Recorded data Block Start

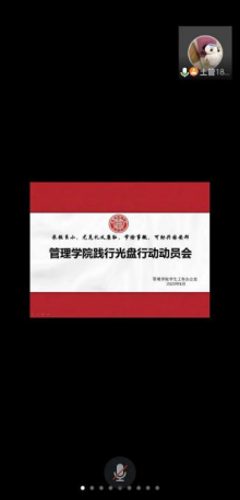 2020年8月11日晚20点,管理学院通过腾讯会议线上举办了光盘行动动员会,张俊杰老师参与活动,并和同学们一起学习了《习近平对制止餐饮浪费做出重要指示》。
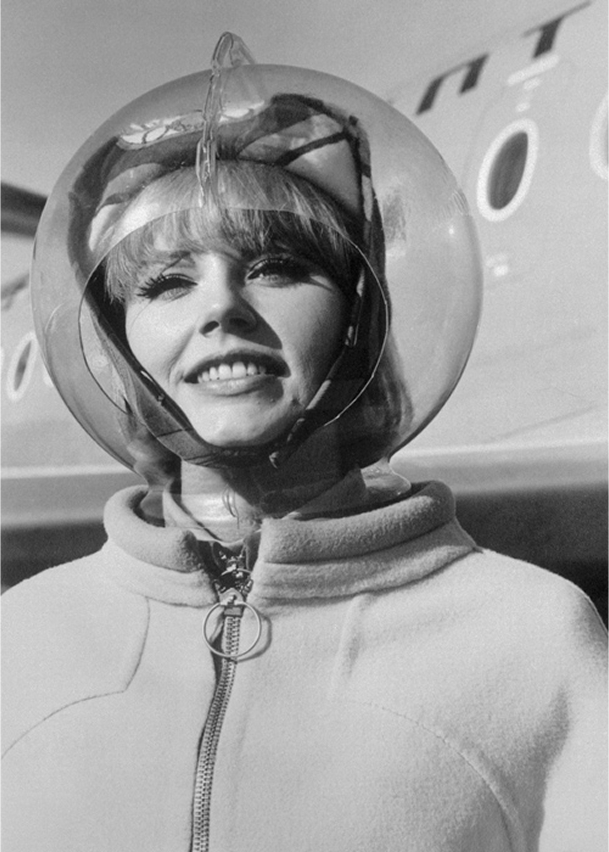 12 апреля 1961 года Юрий Гагарин полетел в космос, а 20 июля 1969 года Нил Армстронг стал первым человеком, который ступил на поверхность Луны. Между этими двумя эпохальными событиями, в 1965 году, Ричард Аведон и арт-директор Рут Ансел сделали яркий во всех смыслах снимок с британской моделью Джин Шримптон в образе первой женщины-космонавта для апрельского номера Harper's Bazaar. Под заголовком «галактическая красотка спешит на помощь» Шримптон позировала в настоящем скафандре астронавта NASA. Апрельский номер эффектно выделялся на фоне того, что делали в Harper's Bazaar во времена Дианы Вриланд, и произвел фурор. Он стал воплощением 1960-х и молодежной революции: женщины набирают силу и покоряют космос, хотя бы на страницах журнала, на обложке был поп-арт, а внутри — материалы про The Beatles и Боба Дилана.
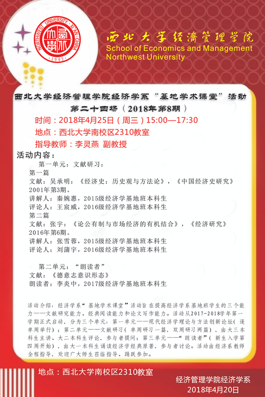 beat365英国官方网站beat365英国官方网站经济学系“基地学术课堂”活动第二十四场(2018年第8期)
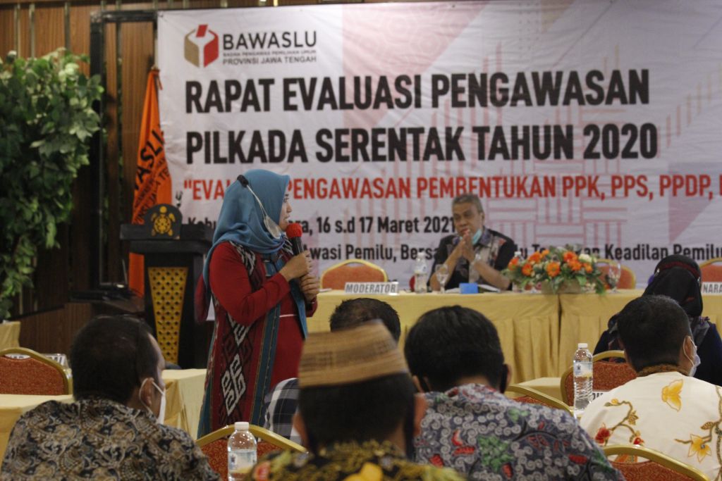 Jepara – Kegiatan evaluasi dilanjutkan pada hari kedua dengan pembahasan evaluasi 9 pokok pada badan Ad Hoc oleh Koordinator Divisi Pengawasan Bawaslu Provinsi Jawa Tengah, Rabu (17 Maret 2021).
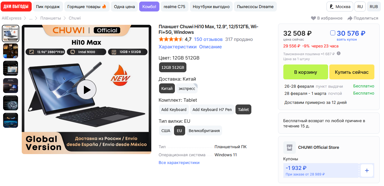 Нашел Chuwi Hi10 Max — 12,9-дюймовый планшет на Windows. Они участвуют в текущих распродажах, так что есть шанс купить со скидкой.
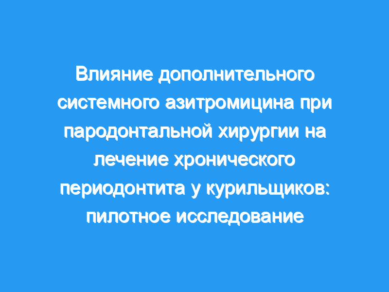Наряду с традиционной хирургической терапией системные антибиотики могут обеспечить более эффективное лечение у курильщиков, воздействуя на бактерии, инвазирующие ткани. Целью этого рандомизированного, плацебо-контролируемого, двойного маскированного клинического исследования была оценка дополнительных эффектов системного азитромицина (АЗМ) в сочетании с хирургией по уменьшению пародонтального кармана при лечении хронического периодонтита у курильщиков.
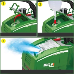 Suurimaks tõmbenumbriks on realistlik suitsufunktsioon – lisa kaasasolevast pudelist veidi vett, aktiveeri suits puldist ja summutist väljub õrn valgustusega aur. Liikuv lõikuspäis on pöörleva rootoriga, seda saab tõsta ja langetada, väljaviske toru pöörleb 360°. Tagasild on veetav ja võimaldab kokkujooksu seadistamist. Laiad kummirattad tagavad stabiilsuse ja haarduvuse.
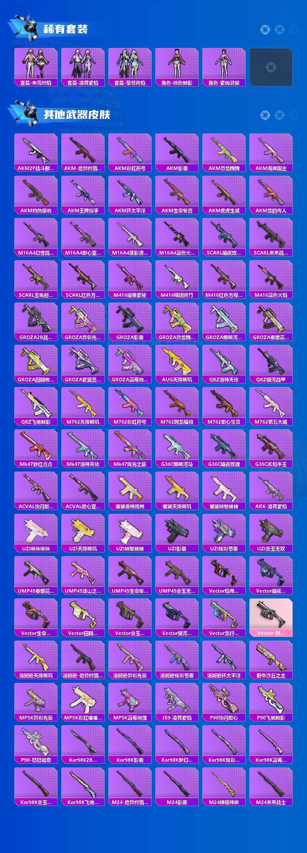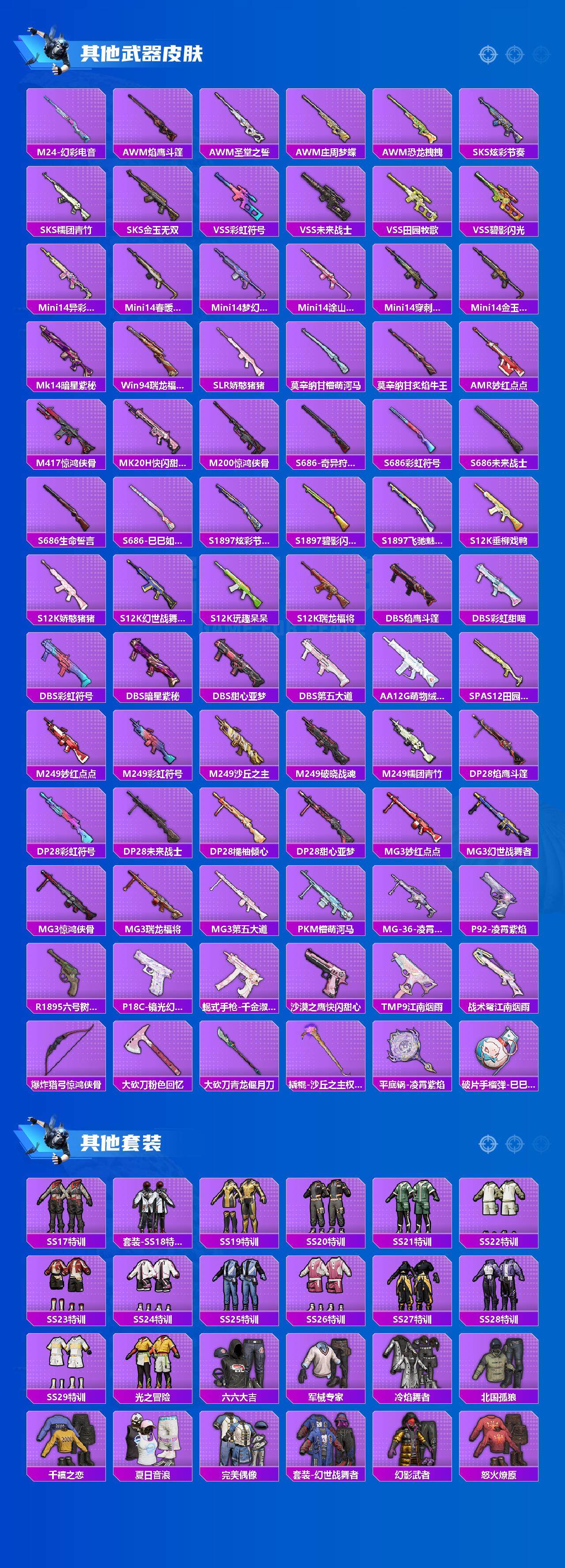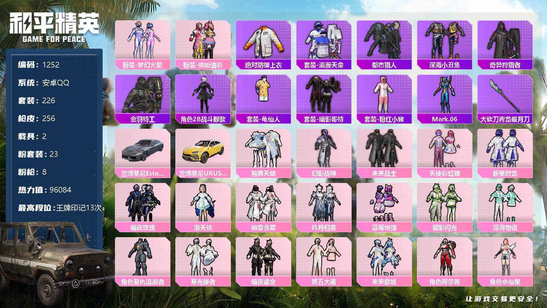 [12599565]安卓 手q-23粉装-8特效呛-2载具-4粉色飞行器-96084热力值-13王牌印记-226套装-256呛皮 【热门品类】:粉装-梦幻火箭,粉装-缤纷油彩,绝对防御上衣,套装-浪漫天命,套装-都市猎人,套装-深海小丑鱼,套装-奇异狩猎者,套装-金羽特工,角色-2b战斗服款,套装-龟仙人,套装-暗影哥特,套装-粉红小猪,角色-mark.06,大砍刀-青龙偃月刀 【粉色载具】:兰博基尼estoque(银翼灰),兰博基尼urus(明艳黄) 【粉色套装】:粉装-独舞天鹅,粉装-幻影战神,粉装-未来战士,粉装-天使彩虹糖,粉装-梦幻火箭,粉装-缤纷油彩,粉装-新星烈龙,粉装-暗夜玫瑰,角色-洛天依,粉装-俏雪含霜,粉装-吟月归客,粉装-蓝莓炮弹,粉装-碧影闪光,粉装-薄荷物语,角色-复仇流浪者,粉装-寒光使者,粉装-暗夜鎏金,粉装-第五大道,粉装-未来歌姬,角色-阿尔茜,角色-水仙星,粉装-金丰海韵,角色-异瞳寒姬 【粉色呛皮等级】:scar-l-青春物语五级,m416-五爪金龙七级,m416-风花雪月五级,ump45-恐龙拽拽七级,kar98k-巳巳如意五级,m24-暗星紫秘五级,slr-暗夜玫瑰五级,dp-28-豹影疾电五级 【粉色呛皮】:scar-l-青春物语,m416-五爪金龙,m416-风花雪月,ump45-恐龙拽拽,kar98k-巳巳如意,m24-暗星紫秘,slr-暗夜玫瑰,dp-28-豹影疾电 【粉色飞行器】:荧光虫舞飞行器,青春物语飞行器,全功率超战飞行器,沙丘之主天马 【粉色降落伞】:极限特训降落伞,百万伏特降落伞,未来战士降落伞,粉色回忆降落伞,春暖花开降落伞,梦幻火箭降落伞,暗夜玫瑰降落伞,洛神天依降落伞,风花雪月降落伞,蓝莓炮弹降落伞,暗星紫秘降落伞,碧影闪光降落伞,恐龙拽拽降落伞,筑梦精灵降落伞,炙焰牛王降落伞,圣光天使降落伞,环太平洋降落伞,垂柳戏鸭降落伞,彩虹甜喵降落伞,第五大道降落伞,沙丘之主降落伞,繁龙极客降落伞,精灵梦叶罗丽降落伞,守护天翼降落伞,忍者神龟降落伞,智耀战神降落伞,幻彩电音降落伞,异瞳寒姬降落伞 【稀有套装】:套装-龟仙人,套装-巳巳如意,套装-雏菊兔兔,套装-萝兰蝴蝶,套装-小熊娃娃,角色-蜜桃派对,角色-乐音,套装-朱霞炽焰,套装-凌霄紫焰,套装-擎苍青焰,角色-绯色魅影,角色-紫俏灵猫
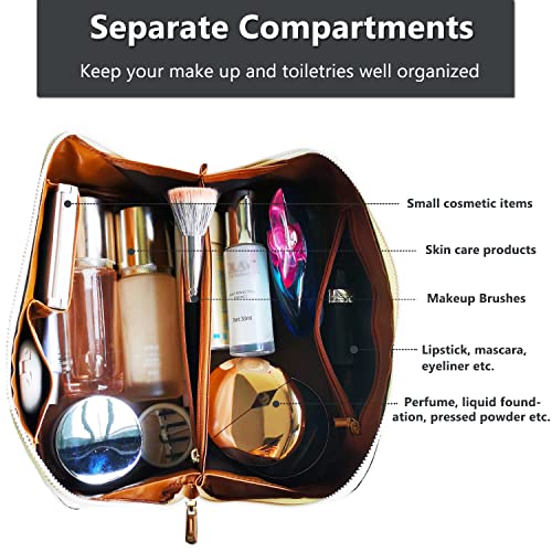 - هدية مثالية - حقيبة المكياج المتينة ذات السعة الكبيرة تحمل المكياج وأدوات النظافة بشكل مثالي مع الحفاظ على شكلها الأنيق. سعة كبيرة ولكن حجم صغير للسفر. حقيبة مكياج تحلم بها كل سيدة! هدايا مثالية للأصدقاء والعائلة في أعياد الميلاد وعيد الحب والكريسماس!
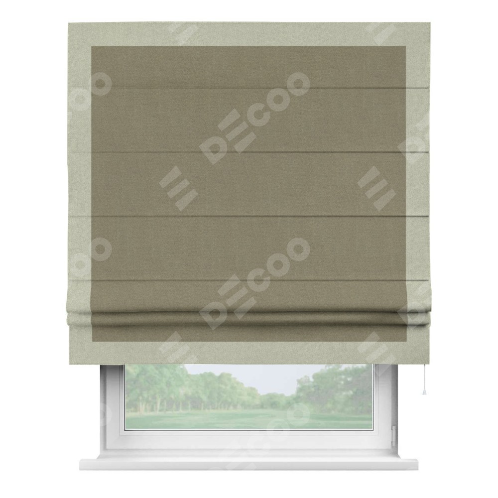 Римская штора производителя «Cortin», используется для проёма, пошита из ткани лён блэкаут бежевый, артикул 69435. Отделка шторы кантом «Чесс», ткань для канта используется из льна разной расцветки на выбор. Имеет универсальный механизм и подходит для монтажа: на потолок, на стену и в нишу.
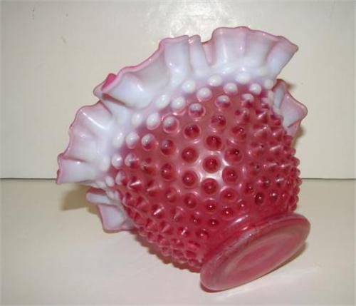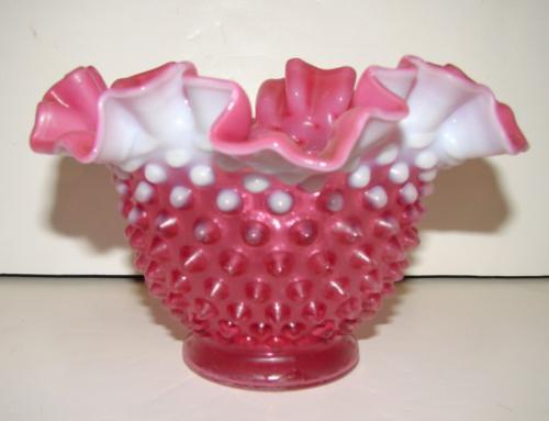 SMALL CRANBERRY OPALESCENT GLASS BOWL. Hobnailed pattern with fluted rim. 4” H
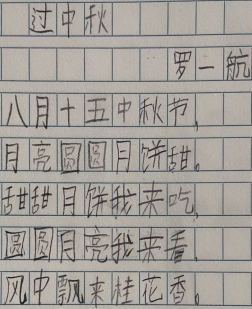 课后孔院举办的“中秋节”主题活动,也得到了学生的积极响应和家长的大力支持。在收到的众多作品中,佳作频出,令人赞叹。中文九的陈书欣和李恺源同学,富有感情地讲述了中秋节的动人传说,并且抒发了自己的真情实感。中文五的管宏铭、罗恩泉和陈享恩同学用文字记录了自己和家人是如何庆中秋的,十分有趣。而中文四的吴宣龙、张育晨、余子婧、李紫欣等同学利用课本所学,采用写信的方式给自己的亲朋好友寄去秋日的思念,感情饱满,内容充实。

Recorded data Block End

Exercise directions:
Reproduce exactly the part of the records above that begins at the line holding "SMALL CRANBERRY OPALESCENT" and ends at the final line, both included, leaving out the pictures.

Task answer:
 SMALL CRANBERRY OPALESCENT GLASS BOWL. Hobnailed pattern with fluted rim. 4” H
 课后孔院举办的“中秋节”主题活动,也得到了学生的积极响应和家长的大力支持。在收到的众多作品中,佳作频出,令人赞叹。中文九的陈书欣和李恺源同学,富有感情地讲述了中秋节的动人传说,并且抒发了自己的真情实感。中文五的管宏铭、罗恩泉和陈享恩同学用文字记录了自己和家人是如何庆中秋的,十分有趣。而中文四的吴宣龙、张育晨、余子婧、李紫欣等同学利用课本所学,采用写信的方式给自己的亲朋好友寄去秋日的思念,感情饱满,内容充实。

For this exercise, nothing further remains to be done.